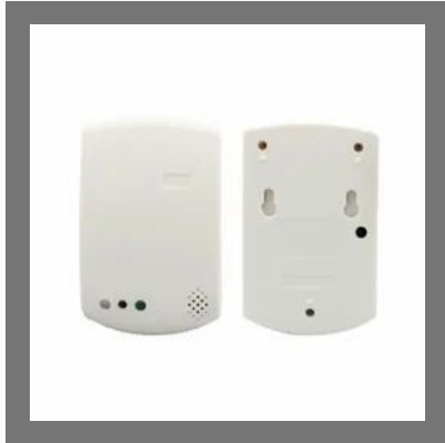
Gas Leak Detector
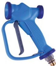
T-TWSGV65SVL (Trigger Gun)
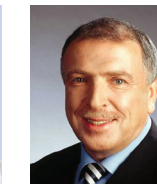
Ilya Klebanov Plenipotentiary Representative of the President of the RF in the North- Western Federal District
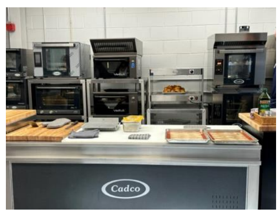
A Business with Breakfast was held on Tuesday August 22, 2023 at <u>Cadco, Ltd</u> in Winsted. The attendees received a tour of the commercial kitchen products manufacturing facility. The picture above is from their test kitchen.
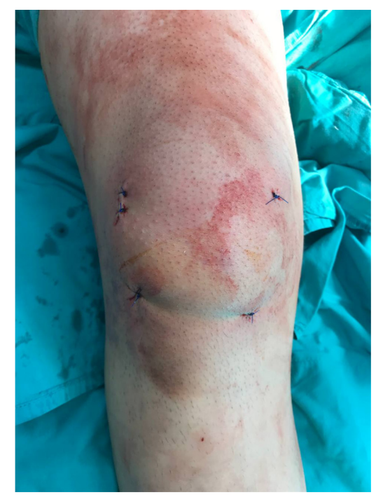
Figure 7. Primary closure of incisions

The mean operative time was 50 (35-90) minutes. The mean follow-up time was 16 (12-27) months. None of the patients experienced early soft tissue problems or infections. No loss of reduction or implant failure was observed. Union was achieved for all patients. In 2 patients, the implant was removed due to the development of implant irritation. In these two patients, no complications occurred after implant removal.
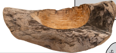
Driftwood - Alderwood Live Edge Bowl Don Mars

X Note: In house demos will be broadcast on Zoom from the Fife Center. DO NOT MISS OUT! Read the instructions on the next page.
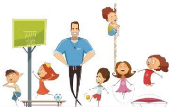
Physical Education (P.E.)
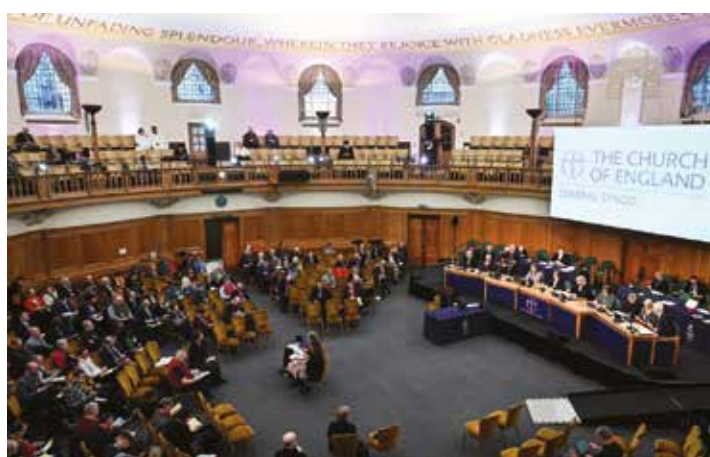
Members of the church attend the Church of England Synod, at Church House, in London

"While many will argue their work is a vocation, the simple truth is that on their current rewards they are among the

**What is being asked:** Whatever pictures the records hold, omit them; give again exactly the lines from the one containing "Driftwood - Alderwood Live Edge Bowl Don Mars" through the one containing "Members of the".

**Solution to this problem:**
Driftwood - Alderwood Live Edge Bowl Don Mars

X Note: In house demos will be broadcast on Zoom from the Fife Center. DO NOT MISS OUT! Read the instructions on the next page.
Physical Education (P.E.)
Members of the church attend the Church of England Synod, at Church House, in London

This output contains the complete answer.